_HOW TO COMPLETE THIS TASK_
Exactly as written, transcribe the data that follows.

_EXERCISE MATERIALS_
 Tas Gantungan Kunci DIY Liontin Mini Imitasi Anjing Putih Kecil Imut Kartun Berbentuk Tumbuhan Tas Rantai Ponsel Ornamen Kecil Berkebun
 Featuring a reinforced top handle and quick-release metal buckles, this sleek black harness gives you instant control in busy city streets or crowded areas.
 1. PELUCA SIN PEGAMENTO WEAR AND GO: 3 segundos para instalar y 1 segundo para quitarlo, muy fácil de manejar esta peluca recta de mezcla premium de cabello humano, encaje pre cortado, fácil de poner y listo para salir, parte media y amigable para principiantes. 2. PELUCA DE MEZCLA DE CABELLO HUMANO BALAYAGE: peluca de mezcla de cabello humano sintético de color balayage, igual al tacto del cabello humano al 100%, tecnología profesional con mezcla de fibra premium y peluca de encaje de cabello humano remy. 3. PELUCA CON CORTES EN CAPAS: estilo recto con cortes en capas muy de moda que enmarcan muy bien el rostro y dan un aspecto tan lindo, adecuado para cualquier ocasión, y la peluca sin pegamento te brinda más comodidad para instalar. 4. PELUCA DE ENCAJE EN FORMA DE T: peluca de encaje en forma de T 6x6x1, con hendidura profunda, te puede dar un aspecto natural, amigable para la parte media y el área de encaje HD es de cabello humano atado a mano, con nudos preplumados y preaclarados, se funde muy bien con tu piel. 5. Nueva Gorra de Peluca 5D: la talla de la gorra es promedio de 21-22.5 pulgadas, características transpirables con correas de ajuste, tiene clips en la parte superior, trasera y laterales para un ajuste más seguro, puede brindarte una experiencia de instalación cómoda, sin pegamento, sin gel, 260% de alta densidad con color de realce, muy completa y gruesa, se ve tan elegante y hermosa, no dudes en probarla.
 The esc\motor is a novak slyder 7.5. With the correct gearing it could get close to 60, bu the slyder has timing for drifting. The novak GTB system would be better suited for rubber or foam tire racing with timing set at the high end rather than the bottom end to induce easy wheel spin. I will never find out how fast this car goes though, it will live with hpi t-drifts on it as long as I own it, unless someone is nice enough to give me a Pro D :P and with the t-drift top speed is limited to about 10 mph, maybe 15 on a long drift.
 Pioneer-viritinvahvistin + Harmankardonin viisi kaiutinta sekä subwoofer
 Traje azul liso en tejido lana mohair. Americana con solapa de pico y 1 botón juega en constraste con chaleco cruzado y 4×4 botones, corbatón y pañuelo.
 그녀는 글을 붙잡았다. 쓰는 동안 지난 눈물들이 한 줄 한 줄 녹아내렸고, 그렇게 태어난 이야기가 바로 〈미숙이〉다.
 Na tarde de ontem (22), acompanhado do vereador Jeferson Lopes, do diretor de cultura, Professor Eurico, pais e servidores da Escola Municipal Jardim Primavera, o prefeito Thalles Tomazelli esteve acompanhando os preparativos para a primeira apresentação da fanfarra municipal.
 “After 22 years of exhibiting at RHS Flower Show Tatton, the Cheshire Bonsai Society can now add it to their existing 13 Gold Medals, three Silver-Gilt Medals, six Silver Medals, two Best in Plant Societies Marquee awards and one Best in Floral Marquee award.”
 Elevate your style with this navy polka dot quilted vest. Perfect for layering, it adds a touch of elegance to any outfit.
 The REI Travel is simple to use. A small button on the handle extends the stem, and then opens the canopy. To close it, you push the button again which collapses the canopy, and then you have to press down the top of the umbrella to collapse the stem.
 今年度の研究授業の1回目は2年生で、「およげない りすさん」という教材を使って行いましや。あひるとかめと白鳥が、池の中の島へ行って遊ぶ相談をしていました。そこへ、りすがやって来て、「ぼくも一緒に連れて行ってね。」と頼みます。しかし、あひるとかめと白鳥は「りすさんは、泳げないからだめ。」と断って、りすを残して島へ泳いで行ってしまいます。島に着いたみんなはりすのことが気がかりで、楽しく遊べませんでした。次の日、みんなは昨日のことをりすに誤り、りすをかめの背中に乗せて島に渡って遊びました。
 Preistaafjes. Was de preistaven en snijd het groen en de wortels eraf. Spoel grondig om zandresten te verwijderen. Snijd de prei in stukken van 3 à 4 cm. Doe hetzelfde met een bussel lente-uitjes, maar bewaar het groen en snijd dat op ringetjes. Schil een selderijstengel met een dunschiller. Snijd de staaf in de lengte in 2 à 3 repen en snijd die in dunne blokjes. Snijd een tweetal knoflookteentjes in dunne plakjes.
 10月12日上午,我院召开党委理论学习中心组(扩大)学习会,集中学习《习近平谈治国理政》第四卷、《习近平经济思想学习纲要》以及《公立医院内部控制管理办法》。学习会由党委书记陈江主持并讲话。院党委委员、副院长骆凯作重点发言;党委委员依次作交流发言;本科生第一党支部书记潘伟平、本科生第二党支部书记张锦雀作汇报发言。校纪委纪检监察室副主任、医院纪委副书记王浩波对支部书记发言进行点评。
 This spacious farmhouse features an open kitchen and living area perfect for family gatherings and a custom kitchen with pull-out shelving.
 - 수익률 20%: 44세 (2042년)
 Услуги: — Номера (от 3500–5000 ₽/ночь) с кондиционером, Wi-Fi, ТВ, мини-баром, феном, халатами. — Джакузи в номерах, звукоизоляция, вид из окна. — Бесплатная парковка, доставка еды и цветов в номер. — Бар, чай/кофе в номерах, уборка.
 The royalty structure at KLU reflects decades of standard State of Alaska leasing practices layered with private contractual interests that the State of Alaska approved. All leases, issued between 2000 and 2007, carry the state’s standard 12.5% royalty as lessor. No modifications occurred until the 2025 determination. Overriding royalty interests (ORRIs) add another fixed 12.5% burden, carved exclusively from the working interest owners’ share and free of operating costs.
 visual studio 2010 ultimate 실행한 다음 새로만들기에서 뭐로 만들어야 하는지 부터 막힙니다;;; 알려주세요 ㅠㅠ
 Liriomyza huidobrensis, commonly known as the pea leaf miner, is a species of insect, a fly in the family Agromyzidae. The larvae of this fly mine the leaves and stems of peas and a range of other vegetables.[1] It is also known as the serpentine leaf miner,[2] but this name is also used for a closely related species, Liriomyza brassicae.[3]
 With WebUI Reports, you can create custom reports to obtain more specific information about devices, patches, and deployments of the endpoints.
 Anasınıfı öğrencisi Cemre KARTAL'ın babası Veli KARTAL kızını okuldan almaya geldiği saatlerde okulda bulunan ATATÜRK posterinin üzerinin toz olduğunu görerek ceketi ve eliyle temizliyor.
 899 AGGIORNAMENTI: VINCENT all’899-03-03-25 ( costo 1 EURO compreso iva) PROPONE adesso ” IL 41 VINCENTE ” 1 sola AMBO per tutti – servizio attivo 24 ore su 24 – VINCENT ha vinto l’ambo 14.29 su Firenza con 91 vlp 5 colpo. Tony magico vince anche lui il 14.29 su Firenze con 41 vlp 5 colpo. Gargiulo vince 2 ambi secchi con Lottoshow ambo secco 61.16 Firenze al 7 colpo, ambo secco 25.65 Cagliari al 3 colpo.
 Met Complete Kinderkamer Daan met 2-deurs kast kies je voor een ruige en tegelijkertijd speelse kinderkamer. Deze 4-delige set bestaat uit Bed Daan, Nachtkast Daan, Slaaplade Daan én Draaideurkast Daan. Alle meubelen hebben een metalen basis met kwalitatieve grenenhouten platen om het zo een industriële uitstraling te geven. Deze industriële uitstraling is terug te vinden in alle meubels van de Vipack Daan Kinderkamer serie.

_TASK SOLUTION_
 Tas Gantungan Kunci DIY Liontin Mini Imitasi Anjing Putih Kecil Imut Kartun Berbentuk Tumbuhan Tas Rantai Ponsel Ornamen Kecil Berkebun
 Featuring a reinforced top handle and quick-release metal buckles, this sleek black harness gives you instant control in busy city streets or crowded areas.
 1. PELUCA SIN PEGAMENTO WEAR AND GO: 3 segundos para instalar y 1 segundo para quitarlo, muy fácil de manejar esta peluca recta de mezcla premium de cabello humano, encaje pre cortado, fácil de poner y listo para salir, parte media y amigable para principiantes. 2. PELUCA DE MEZCLA DE CABELLO HUMANO BALAYAGE: peluca de mezcla de cabello humano sintético de color balayage, igual al tacto del cabello humano al 100%, tecnología profesional con mezcla de fibra premium y peluca de encaje de cabello humano remy. 3. PELUCA CON CORTES EN CAPAS: estilo recto con cortes en capas muy de moda que enmarcan muy bien el rostro y dan un aspecto tan lindo, adecuado para cualquier ocasión, y la peluca sin pegamento te brinda más comodidad para instalar. 4. PELUCA DE ENCAJE EN FORMA DE T: peluca de encaje en forma de T 6x6x1, con hendidura profunda, te puede dar un aspecto natural, amigable para la parte media y el área de encaje HD es de cabello humano atado a mano, con nudos preplumados y preaclarados, se funde muy bien con tu piel. 5. Nueva Gorra de Peluca 5D: la talla de la gorra es promedio de 21-22.5 pulgadas, características transpirables con correas de ajuste, tiene clips en la parte superior, trasera y laterales para un ajuste más seguro, puede brindarte una experiencia de instalación cómoda, sin pegamento, sin gel, 260% de alta densidad con color de realce, muy completa y gruesa, se ve tan elegante y hermosa, no dudes en probarla.
 The esc\motor is a novak slyder 7.5. With the correct gearing it could get close to 60, bu the slyder has timing for drifting. The novak GTB system would be better suited for rubber or foam tire racing with timing set at the high end rather than the bottom end to induce easy wheel spin. I will never find out how fast this car goes though, it will live with hpi t-drifts on it as long as I own it, unless someone is nice enough to give me a Pro D :P and with the t-drift top speed is limited to about 10 mph, maybe 15 on a long drift.
 Pioneer-viritinvahvistin + Harmankardonin viisi kaiutinta sekä subwoofer
 Traje azul liso en tejido lana mohair. Americana con solapa de pico y 1 botón juega en constraste con chaleco cruzado y 4×4 botones, corbatón y pañuelo.
 그녀는 글을 붙잡았다. 쓰는 동안 지난 눈물들이 한 줄 한 줄 녹아내렸고, 그렇게 태어난 이야기가 바로 〈미숙이〉다.
 Na tarde de ontem (22), acompanhado do vereador Jeferson Lopes, do diretor de cultura, Professor Eurico, pais e servidores da Escola Municipal Jardim Primavera, o prefeito Thalles Tomazelli esteve acompanhando os preparativos para a primeira apresentação da fanfarra municipal.
 “After 22 years of exhibiting at RHS Flower Show Tatton, the Cheshire Bonsai Society can now add it to their existing 13 Gold Medals, three Silver-Gilt Medals, six Silver Medals, two Best in Plant Societies Marquee awards and one Best in Floral Marquee award.”
 Elevate your style with this navy polka dot quilted vest. Perfect for layering, it adds a touch of elegance to any outfit.
 The REI Travel is simple to use. A small button on the handle extends the stem, and then opens the canopy. To close it, you push the button again which collapses the canopy, and then you have to press down the top of the umbrella to collapse the stem.
 今年度の研究授業の1回目は2年生で、「およげない りすさん」という教材を使って行いましや。あひるとかめと白鳥が、池の中の島へ行って遊ぶ相談をしていました。そこへ、りすがやって来て、「ぼくも一緒に連れて行ってね。」と頼みます。しかし、あひるとかめと白鳥は「りすさんは、泳げないからだめ。」と断って、りすを残して島へ泳いで行ってしまいます。島に着いたみんなはりすのことが気がかりで、楽しく遊べませんでした。次の日、みんなは昨日のことをりすに誤り、りすをかめの背中に乗せて島に渡って遊びました。
 Preistaafjes. Was de preistaven en snijd het groen en de wortels eraf. Spoel grondig om zandresten te verwijderen. Snijd de prei in stukken van 3 à 4 cm. Doe hetzelfde met een bussel lente-uitjes, maar bewaar het groen en snijd dat op ringetjes. Schil een selderijstengel met een dunschiller. Snijd de staaf in de lengte in 2 à 3 repen en snijd die in dunne blokjes. Snijd een tweetal knoflookteentjes in dunne plakjes.
 10月12日上午,我院召开党委理论学习中心组(扩大)学习会,集中学习《习近平谈治国理政》第四卷、《习近平经济思想学习纲要》以及《公立医院内部控制管理办法》。学习会由党委书记陈江主持并讲话。院党委委员、副院长骆凯作重点发言;党委委员依次作交流发言;本科生第一党支部书记潘伟平、本科生第二党支部书记张锦雀作汇报发言。校纪委纪检监察室副主任、医院纪委副书记王浩波对支部书记发言进行点评。
 This spacious farmhouse features an open kitchen and living area perfect for family gatherings and a custom kitchen with pull-out shelving.
 - 수익률 20%: 44세 (2042년)
 Услуги: — Номера (от 3500–5000 ₽/ночь) с кондиционером, Wi-Fi, ТВ, мини-баром, феном, халатами. — Джакузи в номерах, звукоизоляция, вид из окна. — Бесплатная парковка, доставка еды и цветов в номер. — Бар, чай/кофе в номерах, уборка.
 The royalty structure at KLU reflects decades of standard State of Alaska leasing practices layered with private contractual interests that the State of Alaska approved. All leases, issued between 2000 and 2007, carry the state’s standard 12.5% royalty as lessor. No modifications occurred until the 2025 determination. Overriding royalty interests (ORRIs) add another fixed 12.5% burden, carved exclusively from the working interest owners’ share and free of operating costs.
 visual studio 2010 ultimate 실행한 다음 새로만들기에서 뭐로 만들어야 하는지 부터 막힙니다;;; 알려주세요 ㅠㅠ
 Liriomyza huidobrensis, commonly known as the pea leaf miner, is a species of insect, a fly in the family Agromyzidae. The larvae of this fly mine the leaves and stems of peas and a range of other vegetables.[1] It is also known as the serpentine leaf miner,[2] but this name is also used for a closely related species, Liriomyza brassicae.[3]
 With WebUI Reports, you can create custom reports to obtain more specific information about devices, patches, and deployments of the endpoints.
 Anasınıfı öğrencisi Cemre KARTAL'ın babası Veli KARTAL kızını okuldan almaya geldiği saatlerde okulda bulunan ATATÜRK posterinin üzerinin toz olduğunu görerek ceketi ve eliyle temizliyor.
 899 AGGIORNAMENTI: VINCENT all’899-03-03-25 ( costo 1 EURO compreso iva) PROPONE adesso ” IL 41 VINCENTE ” 1 sola AMBO per tutti – servizio attivo 24 ore su 24 – VINCENT ha vinto l’ambo 14.29 su Firenza con 91 vlp 5 colpo. Tony magico vince anche lui il 14.29 su Firenze con 41 vlp 5 colpo. Gargiulo vince 2 ambi secchi con Lottoshow ambo secco 61.16 Firenze al 7 colpo, ambo secco 25.65 Cagliari al 3 colpo.
 Met Complete Kinderkamer Daan met 2-deurs kast kies je voor een ruige en tegelijkertijd speelse kinderkamer. Deze 4-delige set bestaat uit Bed Daan, Nachtkast Daan, Slaaplade Daan én Draaideurkast Daan. Alle meubelen hebben een metalen basis met kwalitatieve grenenhouten platen om het zo een industriële uitstraling te geven. Deze industriële uitstraling is terug te vinden in alle meubels van de Vipack Daan Kinderkamer serie.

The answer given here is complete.